# Mapper son propre clavier : possible ?



## SolMJ (9 Mars 2011)

Bonjour,

Après avoir passé pas mal de temps à chercher sur internet sans succès je viens demander votre aide. Je suis développeur et j'aimerais profiter de la disposition des touches [ ] et { } des claviers américains tout en gardant la disposition des touches des lettres de l'alphabet de mon clavier azerty.

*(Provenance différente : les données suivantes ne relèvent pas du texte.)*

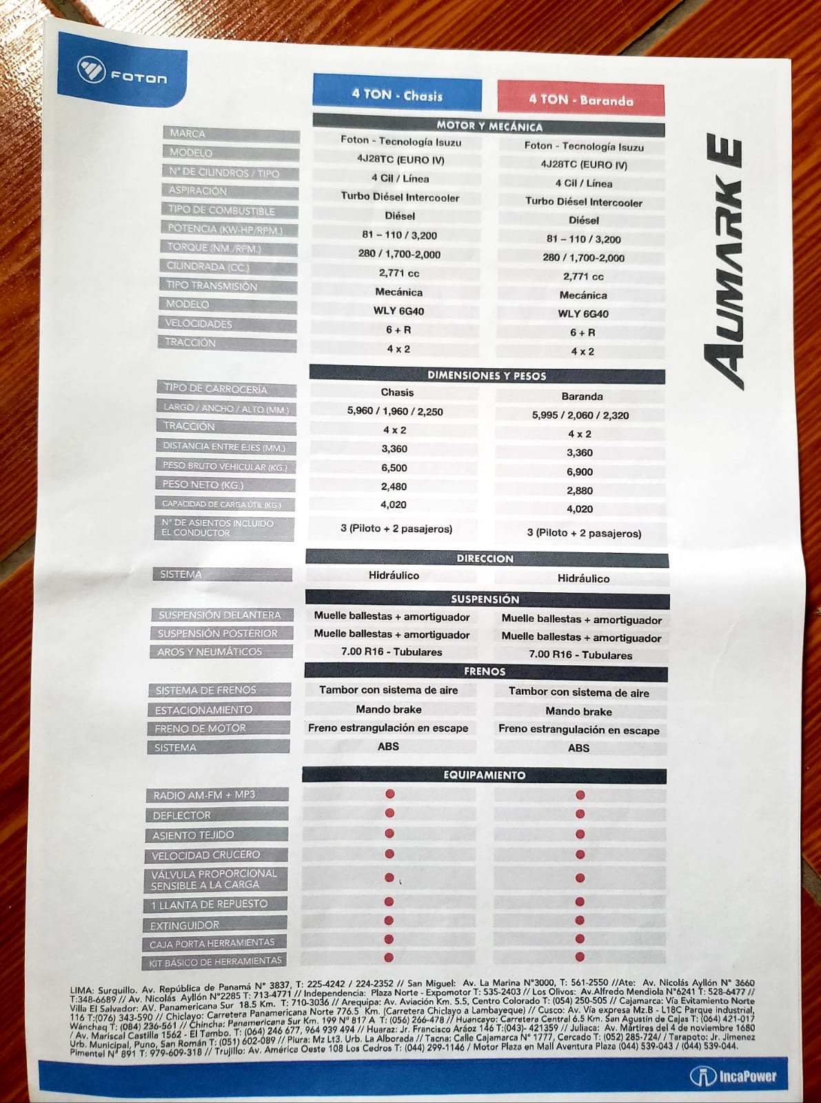 - MARCA : FOTON (TECNOLOGÍA ISUZU), TIPO : MECÁNICA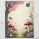 Get lost in a whimsical mushroom garden with this delightful paper featuring a vintage Alice in Wonderland scene. It showcases a charming illustration of the Cheshire Cat's head floating above toadstool mushrooms, with butterflies, flowers, and a pocket watch below. With unlimited creative possibilities, this paper is perfect for invitations, scrapbooking, junk journalling, and other personalised projects. Printed in high-quality, full-colour on thin matte paper, it's designed to bring a crisp, professional look to your personal or business mailings. Add personal photos and text for no additional upcharge, making it a versatile and memorable addition to any project.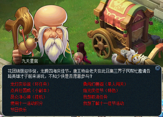本次小长假不但迎来了十一活动,随后又有重阳节活动衔接而上,在十一活动中,不但拥有以往熟悉的环任务、小副本、挂机等,更有特殊内容烟花晚会等。在十一活动之后衔接而上的即是重阳节活动。 ![]() 游戏截图 本次小长假不但迎来了十一活动,随后又有重阳节活动衔接而上,在十一活动中,不但拥有以往熟悉的环任务、小副本、挂机等,更有特殊内容烟花晚会等。在十一活动之后衔接而上的即是重阳节活动,没错,茱萸香囊,又到了搏一搏摩托变单车的时刻啦~~ 十一活动 ![]() 游戏截图 环任务 ![]() 游戏截图 小副本 ![]() 游戏截图 投放怪 ![]() 游戏截图 特殊内容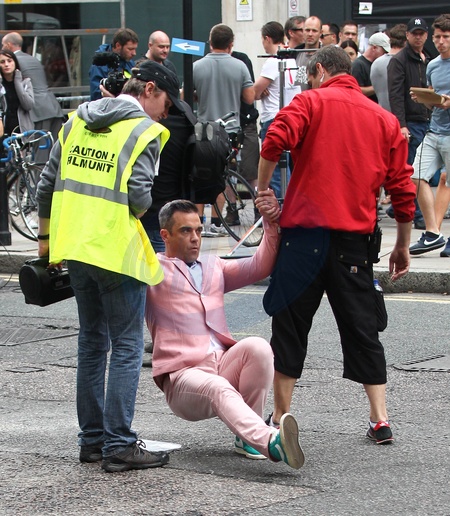 Robbie Williams w rozowym garniturze na planie teledysku, Londyn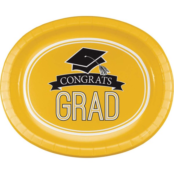 Club Pack of 96 Yellow and Black School Spirit Oval Platters Disposable Plates 12"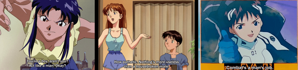 Esto es lo que Shinji escucha repetidas veces a lo largo de la serie, de boca de personajes como Misato y Asuka ―ambas teniendo problemas en su percepción y relación con la feminidad, pero eso podemos tratarlo en otro artículo―. Se le dice de forma despectiva que es un hombre, que dependiendo de ciertas situaciones debe tener sangre en las venas y reaccionar. Si Shinji no está reaccionando como un perro en celo cuando se le presenta la oportunidad, no es lo suficientemente hombre; si Shinji no es valiente ante una situación de gran peligro y demuestra temor, no es lo suficientemente hombre; si es «blandito» y está «domesticado», no es lo suficientemente hombre y si Shinji no demuestra fortaleza y confianza, no es lo suficientemente hombre.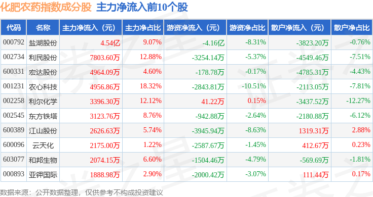 资金流向方面,化肥农药(980035)指数成份股当日主力资金净流入合计5.76亿元,游资资金净流出合计4.98亿元,散户资金净流出合计7640.92万元。成份股资金流向详情见下表: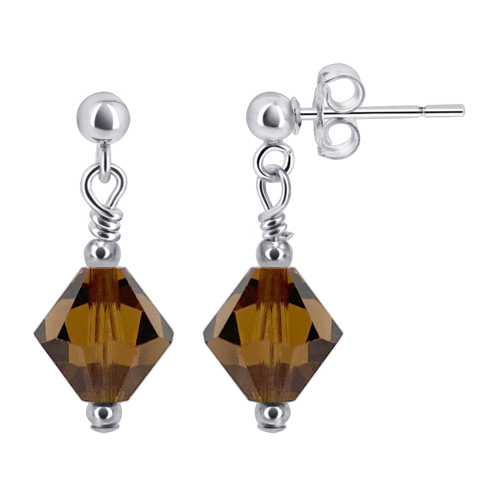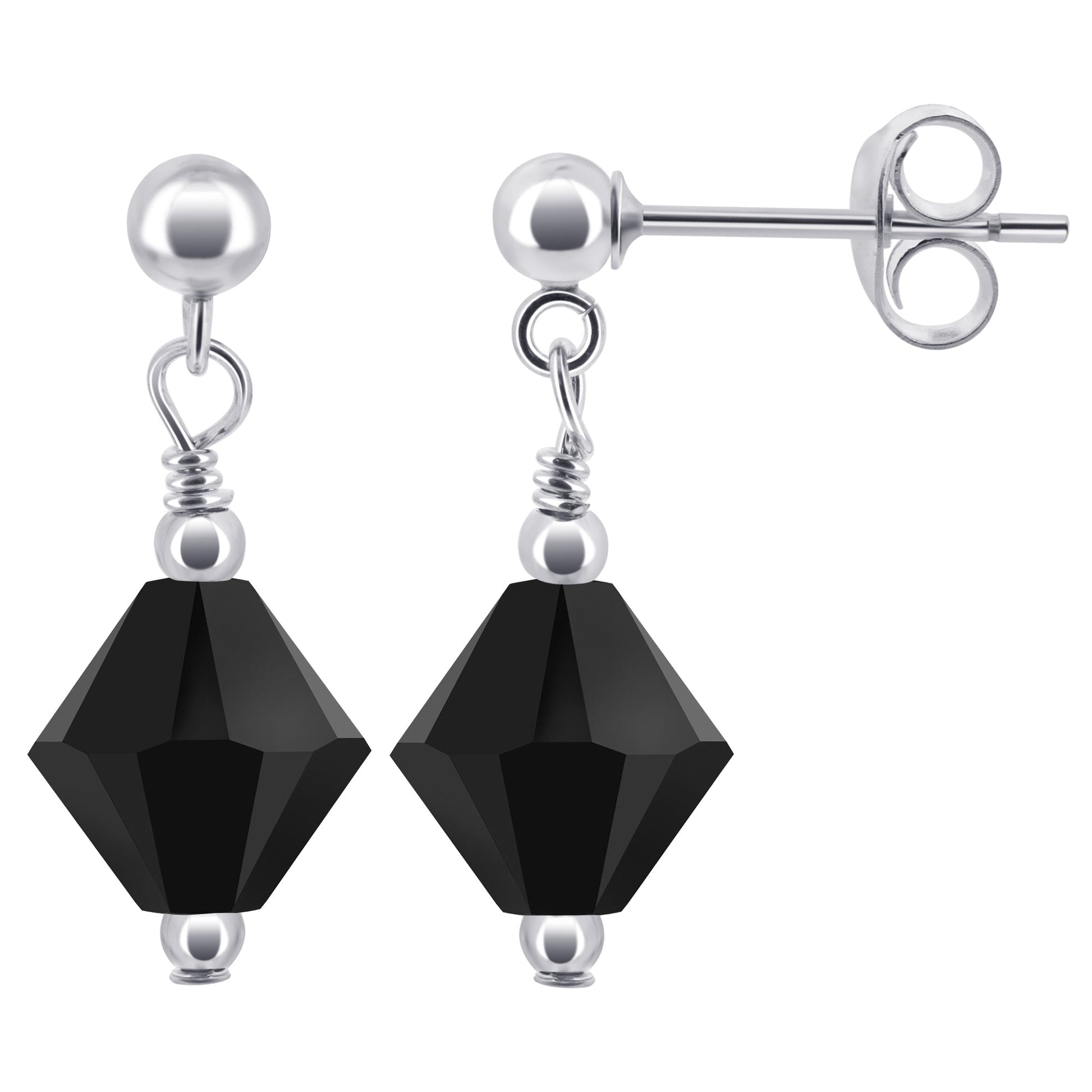 - description_tag : Enhance your look with Sterling Silver drop earrings featuring 8mm bicone Austrian Crystals and elegant silver accents. These earrings come with secure Sterling Silver post friction back findings and measure 1 inch in length, offering a perfect blend of sophistication and sparkle.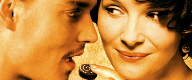 O chocolate vira o símbolo de todos os prazeres (culinários e sexuais) nesta comédia romântica sobre Vianne, uma ousada especialista em doces (Juliette Binoche) que abre uma loja de chocolates em frente à Igreja, em uma cidade penitente e recatada. Logo, as pessoas descobrem os prazeres dos bombons e trufas, e cedem à tentação... A própria Vianne também se arrisca no amor ao conhecer o forasteiro Roux (Johnny Depp).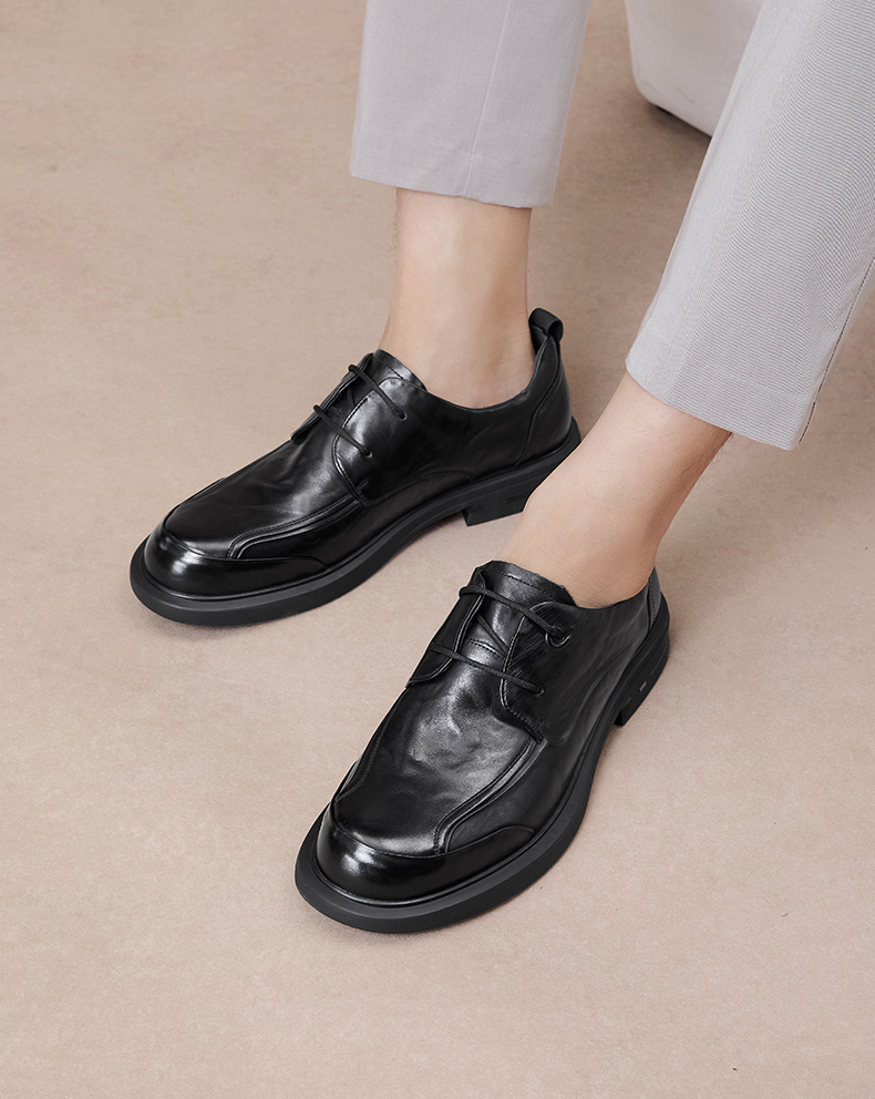 | 内增高:无 | 鞋跟形状:粗跟 | 鞋面材质:牛皮革 | 流行元素:纯色 | 闭合方式:系带 |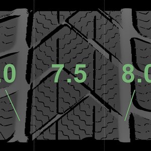 The measured tread depths and details of the rims are shown above.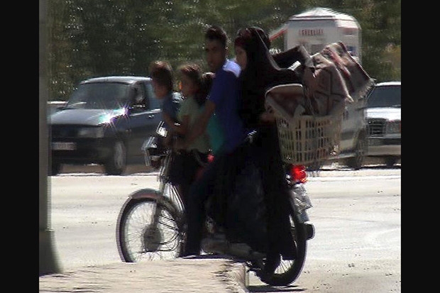 Gaziantep Havalimanı yolu üzerinde bir kişi motosikletine 3 çocuğu, eşini bindirip, arka bölüme de piknik sepeti yerleştirerek yolculuk yaptı. Ön tarafına 3 çocuğunu oturttuğu, arkasında da eşi ile yolculuk yapan sürücü, trafikte görenleri şaşkına çevirdi. Başlarında koruyucu kask bulunmayan 3'ü çocuk 5 kişi motosiklette tehlikeye ve şaşkın bakışlara aldırış etmeden yoluna devam etti.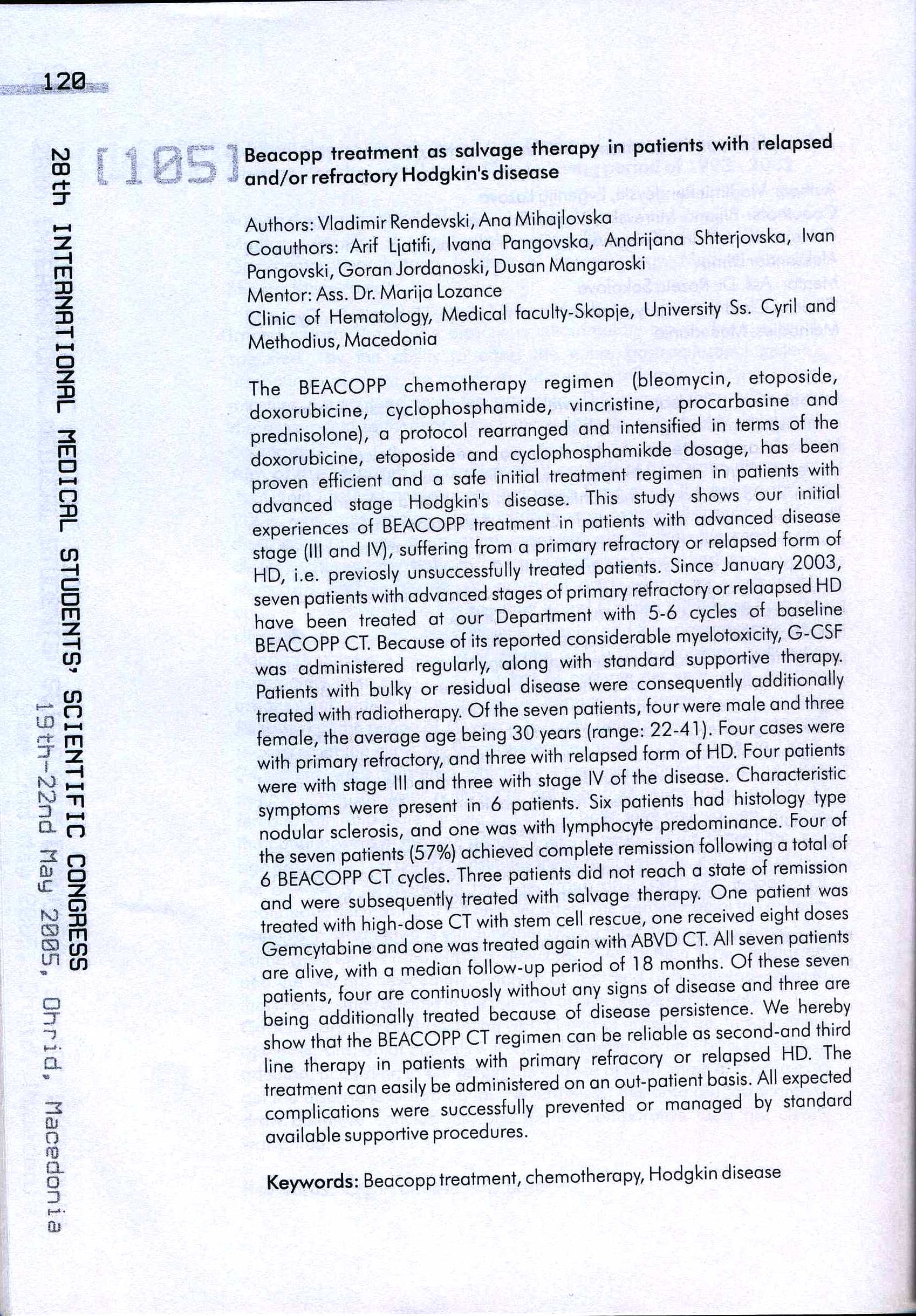 Beacopp treatment as salvage therapy in patients with relapsed and/or refractory Hodgking’s disease

Bref en clair j'aimerais avoir un mix entre un clavier US et FR, or comme ce mix n'existe pas officiellement j'aimerais savoir s'il est possible de créer son propre mapping.

Je peux switcher entre différents types de claviers mais je n'ai pas trouvé comment les customiser...

Merci


----------



## Darkfire (10 Mars 2011)

Hello,
je n'ai pas encore eu le temps d'essayer... mais au premier abord, ça ressemble beaucoup à ce que tu cherches. 

http://scripts.sil.org/cms/scripts/page.php?site_id=nrsi&id=Ukelele

A+


----------



## SolMJ (12 Mars 2011)

Merci, je vais essayer ça


----------



## blink13 (13 Mars 2011)

Alors qu'est-ce que sa donne ? Je serais intéressé aussi.


----------